GROUP BY product_ID_1,
         product_ID_2

LIMIT 5;
product_ID_1 product_ID_2 numorders
10834 10842 63
11048 11196 1824
10842 11197 15
10837 10842 18
10837 10930 16

2.4 Variation: Restrict Order Size

Sometimes, unusually small or large orders should be excluded from the analysis. Here, the order size is restricted to 2-10 products.
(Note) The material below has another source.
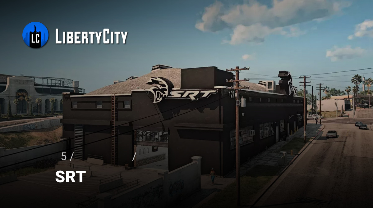 Здание автомастерской SRT выполнено в современном индустриальном стиле. Его фасад окрашен в глубокий чёрный цвет, что придаёт сооружению строгий и стильный вид. На крыше и боковой стене крупно размещён логотип SRT с изображением головы хищника и белыми буквами, что сразу выделяет мастерскую среди окружающих построек. На стенах присутствуют небольшие окна и вентиляционные решётки, а также пожарные лестницы. Входная зона оборудована просторными воротами для заезда автомобилей, а рядом располагается небольшая парковка с граффити на бетонном заборе. Здание находится на углу улицы, что обеспечивает удобный подъезд с двух сторон.

WITH op AS (SELECT DISTINCT orderid, productid
            FROM orderline)
SELECT product_id_1,
       product_id_2,
       COUNT(*) AS numorders
FROM (SELECT op1.orderid,
             op1.productid AS product_id_1,
             op2.productid AS product_id_2
      FROM
        (SELECT orderid
         FROM orderline
         GROUP BY orderid
         HAVING COUNT(DISTINCT orderlineid) BETWEEN 2 AND 10) filter
      JOIN op op1
          ON filter.orderid = op1.orderid
      JOIN op op2
          ON op1.orderid = op2.orderid AND op1.productid < op2.productid) combinations
GROUP BY product_id_1,
         product_id_2
ORDER BY numorders DESC

LIMIT 5;
product_id_1 product_id_2 numorders
12820 13190 2580
12819 12820 1839
11048 11196 1822
10956 12139 1481
12139 12820 1239

3. Examples of Item Sets

This is the same table as in section 2.3, joined with the product table to obtain product group name information for each product.

SELECT product_id_1,
       product_id_2,
       productgroup_1,
       productgroup_2,
       numorders
FROM (SELECT product_id_1,
             product_id_2,
             COUNT(*) AS numorders
      FROM (SELECT op1.orderid,
                   op1.productid AS product_id_1,
                   op2.productid AS product_id_2
            FROM  
              (SELECT orderid
               FROM orderline
               GROUP BY orderid
               HAVING COUNT(DISTINCT orderlineid) BETWEEN 2 AND 10) filter               
                JOIN  
                (SELECT DISTINCT orderid,
                                 productid
                 FROM orderline) op1
                     ON filter.orderid = op1.orderid
                JOIN
              (SELECT DISTINCT orderid,
                               productid
               FROM orderline) op2
              ON op1.orderid = op2.orderid
                AND op1.productid < op2.productid) combinations
      GROUP BY product_id_1,
               product_id_2) aaa
       JOIN
     (SELECT productid,
             productgroupname AS productgroup_1
      FROM product) bbb
     ON aaa.product_id_1 = bbb.productid
       JOIN
     (SELECT productid,
             productgroupname AS productgroup_2
      FROM product) ccc
     ON aaa.product_id_2 = ccc.productid
ORDER BY numorders DESC
LIMIT 5;
product_id_1 product_id_2 productgroup_1 productgroup_2 numorders
12820 13190 FREEBIE FREEBIE 2580
12819 12820 FREEBIE FREEBIE 1839
11048 11196 ARTWORK BOOK 1822
10956 12139 FREEBIE OCCASION 1481
12139 12820 OCCASION FREEBIE 1239

Note: The identified product bundles commonly reflect products that are marketing together, rather than chosen by the customers themselves.